Note: for data security purposes, every riders’ personal identifiable information is hidden through tokenization.
Excel spreadsheets can only contain 1,048,576 rows by 16,384 columns and the 4 quarterly datasets combined are far beyond that limit, therefore R is used to perform all tasks - organizing, cleaning, analyzing, and visualizing.
library(tidyverse)
## ── Attaching packages ─────────────────────────────────────── tidyverse 1.3.2 ──
## ✔ ggplot2 3.3.6 ✔ purrr 0.3.4
## ✔ tibble 3.1.7 ✔ dplyr 1.0.9
## ✔ tidyr 1.2.0 ✔ stringr 1.4.0
## ✔ readr 2.1.2 ✔ forcats 0.5.1
## ── Conflicts ────────────────────────────────────────── tidyverse_conflicts() ──
## ✖ dplyr::filter() masks stats::filter()

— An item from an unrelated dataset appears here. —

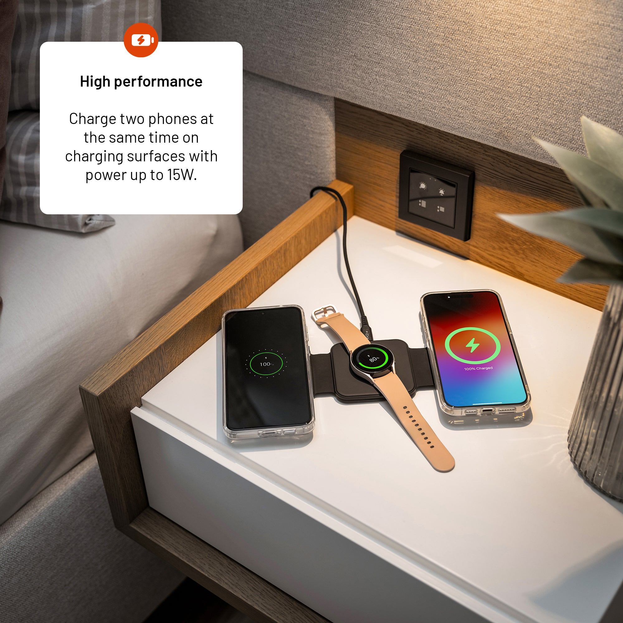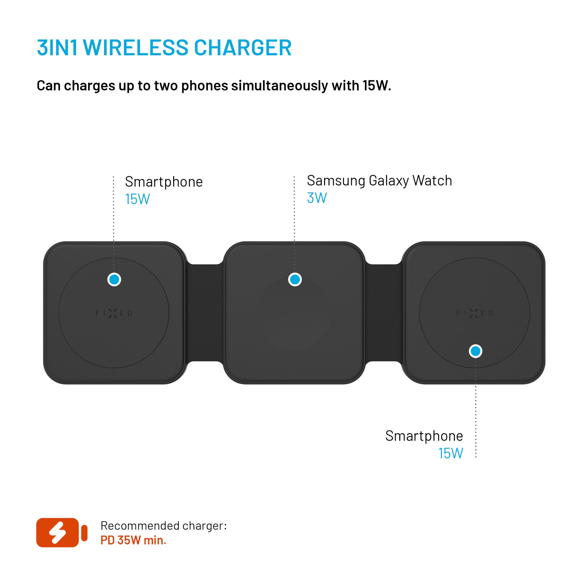 The FIXED wireless charger is a practical solution for quickly charging three devices at the same time. When unfolded, it offers two main surfaces with a high output of up to 15W for fully charging two smartphones at the same time or other devices without compromise. The third surface is an integrated charger designed for the Samsung Galaxy Watch with a power of 3W. The charger stands out not only for its performance, but also for its compact folding design, which you can easily pack into a backpack or purse. Thanks to the built-in magnets, the charger keeps its shape when folded and at the same time allows you to still use the top side as a charging pad. The body of the charger is made of hardened plastic with soft-touch elements that protect the devices being charged from scratches. The charger has a USB-C input connector and requires a power supply of at least 35W in the PD standard for full performance. Enjoy the convenience of wireless charging in a compact design that ensures you always have enough energy at hand.

## ✖ dplyr::lag() masks stats::lag()
library(lubridate)
##
## Attaching package: 'lubridate'
##
## The following objects are masked from 'package:base':
##
## date, intersect, setdiff, union
library(ggplot2)
library(metR)
##
## Attaching package: 'metR'
##
## The following object is masked from 'package:purrr':
##
## cross
Q1_2020<-read_csv("/Users/thomasli/Downloads/Divvy_Trips_2020_Q1.csv")
## Rows: 426887 Columns: 13
## ── Column specification ────────────────────────────────────────────────────────
## Delimiter: ","
## chr (5): ride_id, rideable_type, start_station_name, end_station_name, memb...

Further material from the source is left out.